* _Directions_
No pictures go into the copy. Write out every line below exactly.

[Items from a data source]
+-------+
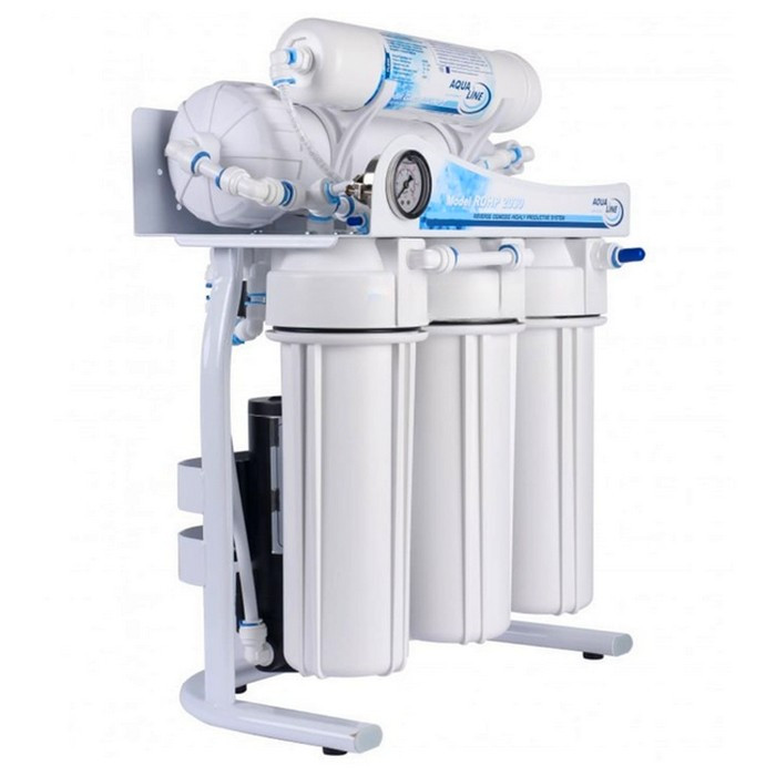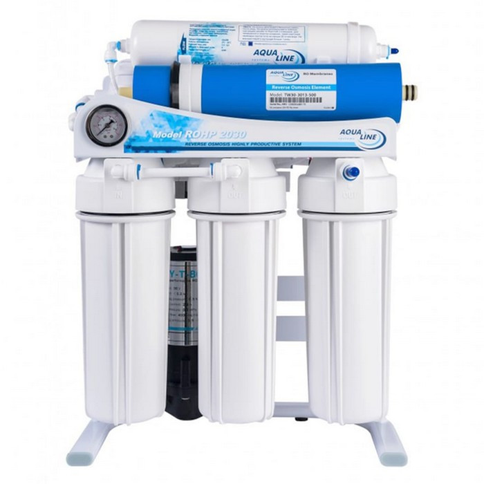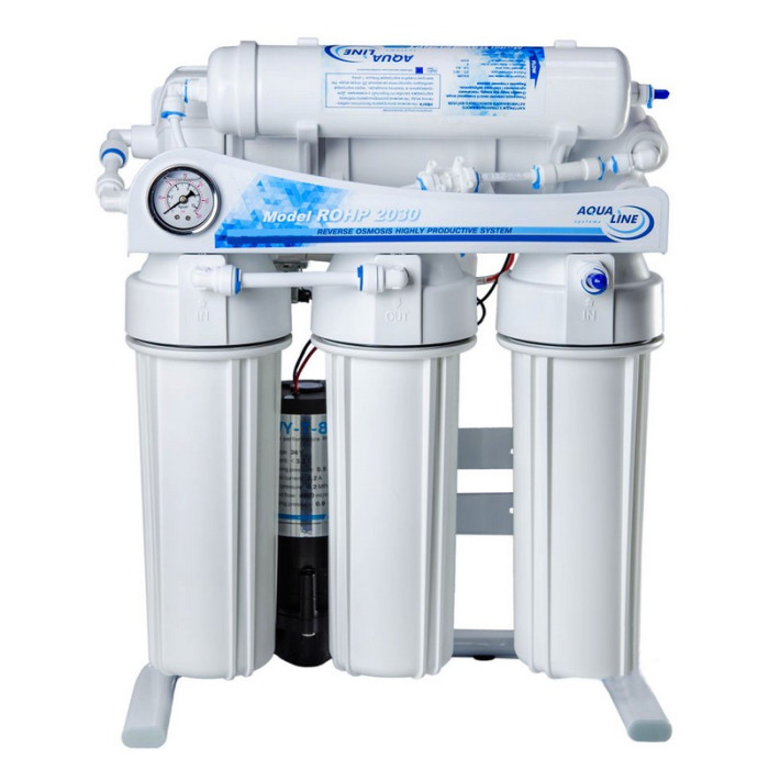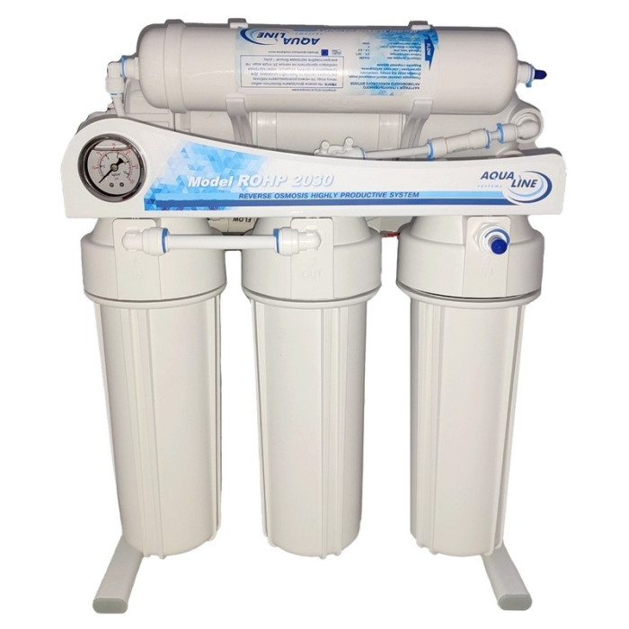 Aqualine ROHD 2030-1 P800 (RO-500G) – это не только очистка воды, но и гарантия безопасности и надежности. Её высокая производительность (до 80 л/час или 1900 л/сутки) достигается благодаря использованию двух мембран AQUALINE 500 GPD и насоса повышения давления воды производительностью в 0,48 GPM, которая обеспечивает стабильную работу мембран. В системе используются три колбы размером Slim10, что делает замену картриджей более простым заданием, так как, это самый распространенный размер картриджей на рынке.
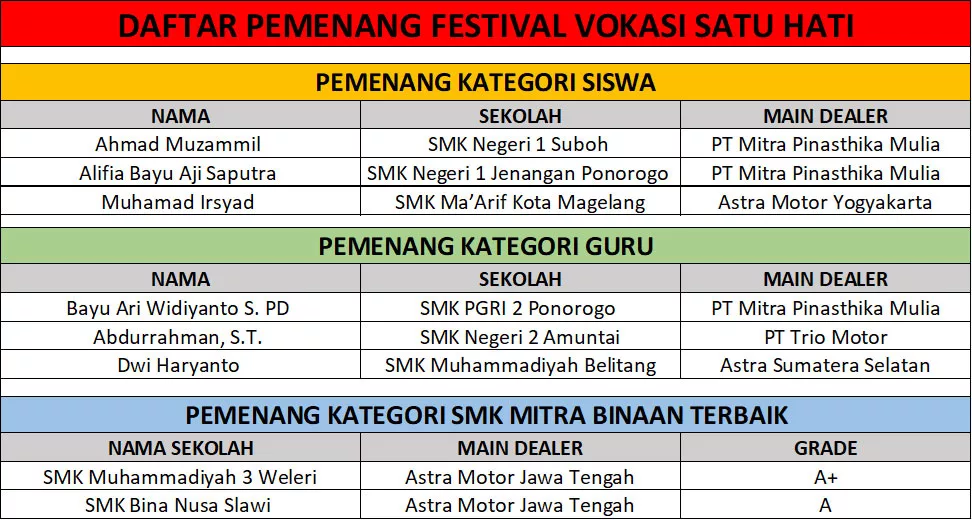 “Dengan semangat Sinergi Bagi Negeri, beragam upaya pengembangan SMK mitra binaan terus kami jalankan. Festival Vokasi Satu Hati ini adalah puncak dari upaya kami bersama jaringan main dealer melakukan pendampingan dan inovasi agar proses belajar mengajar ini dapat menghasilkan lulusan yang kompeten dan siap di dunia kerja” ujar Muhib. (Rls)
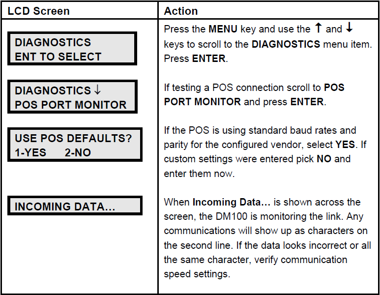 Perform DM-100 port monitoring of a point of sale system.
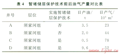針對(duì)研究的四川油氣田某區(qū)塊須家河組儲(chǔ)層,須家河組儲(chǔ)層段中的2口開(kāi)發(fā)井實(shí)施多級(jí)架橋暫堵儲(chǔ)層保護(hù)技術(shù)前后的油氣產(chǎn)量對(duì)比(4)。實(shí)施多級(jí)架橋暫堵儲(chǔ)層技術(shù)的2口開(kāi)發(fā)井,其油氣產(chǎn)量得到明顯提高,充分說(shuō)明多級(jí)架橋暫堵技術(shù)對(duì)值層具有良好的保護(hù)作用。
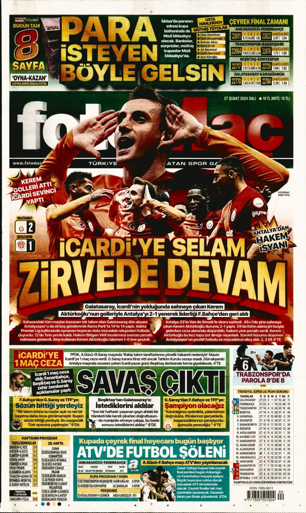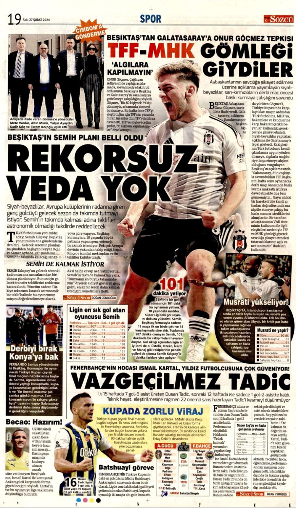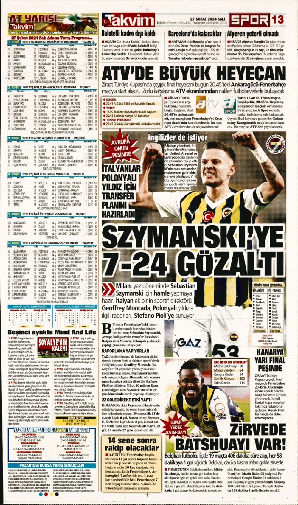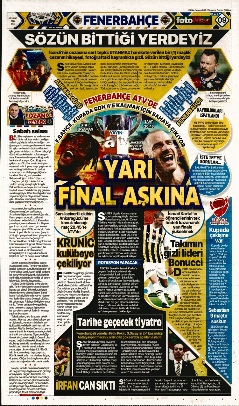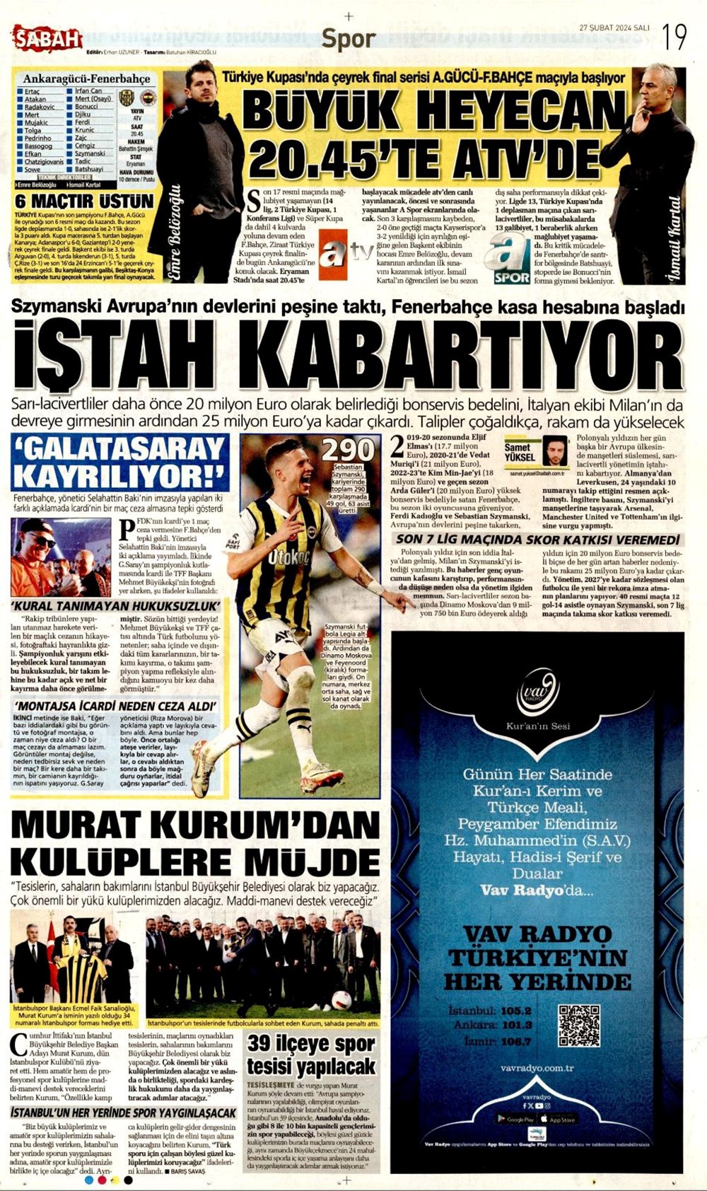 “Fenerbahçe’de Roberto Firmino bombası” (9 Şubat 2025 spor manşetleri)
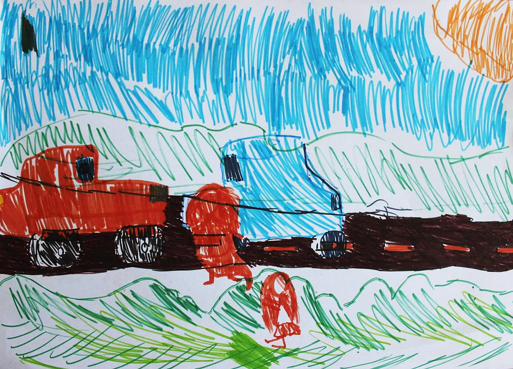 Танк и колонна военных машин с человеком на переднем плане, направившим автомат на бегущую девочку, - это рисунки двух сестер-близняшек, Оли и Полины. Им по десять с половиной лет. Они были под обстрелами в Славянске, Семеновке, Лимане, Донецке в 2014 году. Одна из девочек онемела, когда семья выезжала из Славянска в Лиман через Семеновку. Девочек с мамой и старшим братом остановили на блокпосту, всех из автобуса вывели, военный угрожал, что начнет стрелять, если кто-то сдвинется с места. Маме было трудно уследить за двумя пятилетними девочками, одна из сестричек испугалась и начала убегать. Военный взял ее на прицел, поднеся автомат прямо к лицу. Ее рисунок - танк, которых она видела немало. Семья все время пыталась уехать от войны, которая их как будто догоняла, и это всегда сопровождалось громкими звуками и тяжелой техникой.
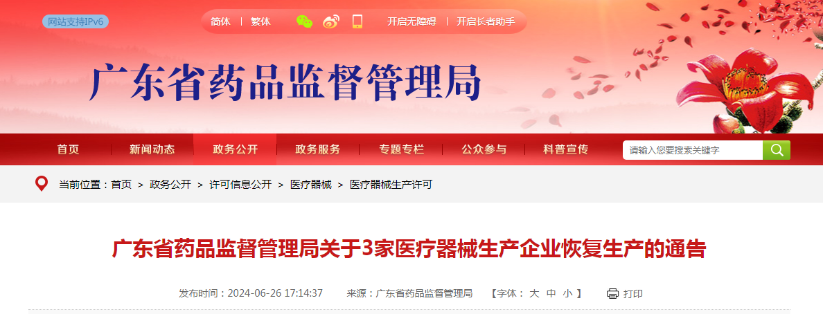 廣東省藥品監(jiān)督管理局關(guān)于3家醫(yī)療器械生產(chǎn)企業(yè)恢復(fù)生產(chǎn)的通告
+-------+
* _Problem solution_
 Aqualine ROHD 2030-1 P800 (RO-500G) – это не только очистка воды, но и гарантия безопасности и надежности. Её высокая производительность (до 80 л/час или 1900 л/сутки) достигается благодаря использованию двух мембран AQUALINE 500 GPD и насоса повышения давления воды производительностью в 0,48 GPM, которая обеспечивает стабильную работу мембран. В системе используются три колбы размером Slim10, что делает замену картриджей более простым заданием, так как, это самый распространенный размер картриджей на рынке.
 “Dengan semangat Sinergi Bagi Negeri, beragam upaya pengembangan SMK mitra binaan terus kami jalankan. Festival Vokasi Satu Hati ini adalah puncak dari upaya kami bersama jaringan main dealer melakukan pendampingan dan inovasi agar proses belajar mengajar ini dapat menghasilkan lulusan yang kompeten dan siap di dunia kerja” ujar Muhib. (Rls)
 Perform DM-100 port monitoring of a point of sale system.
針對(duì)研究的四川油氣田某區(qū)塊須家河組儲(chǔ)層,須家河組儲(chǔ)層段中的2口開(kāi)發(fā)井實(shí)施多級(jí)架橋暫堵儲(chǔ)層保護(hù)技術(shù)前后的油氣產(chǎn)量對(duì)比(4)。實(shí)施多級(jí)架橋暫堵儲(chǔ)層技術(shù)的2口開(kāi)發(fā)井,其油氣產(chǎn)量得到明顯提高,充分說(shuō)明多級(jí)架橋暫堵技術(shù)對(duì)值層具有良好的保護(hù)作用。
 “Fenerbahçe’de Roberto Firmino bombası” (9 Şubat 2025 spor manşetleri)
 Танк и колонна военных машин с человеком на переднем плане, направившим автомат на бегущую девочку, - это рисунки двух сестер-близняшек, Оли и Полины. Им по десять с половиной лет. Они были под обстрелами в Славянске, Семеновке, Лимане, Донецке в 2014 году. Одна из девочек онемела, когда семья выезжала из Славянска в Лиман через Семеновку. Девочек с мамой и старшим братом остановили на блокпосту, всех из автобуса вывели, военный угрожал, что начнет стрелять, если кто-то сдвинется с места. Маме было трудно уследить за двумя пятилетними девочками, одна из сестричек испугалась и начала убегать. Военный взял ее на прицел, поднеся автомат прямо к лицу. Ее рисунок - танк, которых она видела немало. Семья все время пыталась уехать от войны, которая их как будто догоняла, и это всегда сопровождалось громкими звуками и тяжелой техникой.
 廣東省藥品監(jiān)督管理局關(guān)于3家醫(yī)療器械生產(chǎn)企業(yè)恢復(fù)生產(chǎn)的通告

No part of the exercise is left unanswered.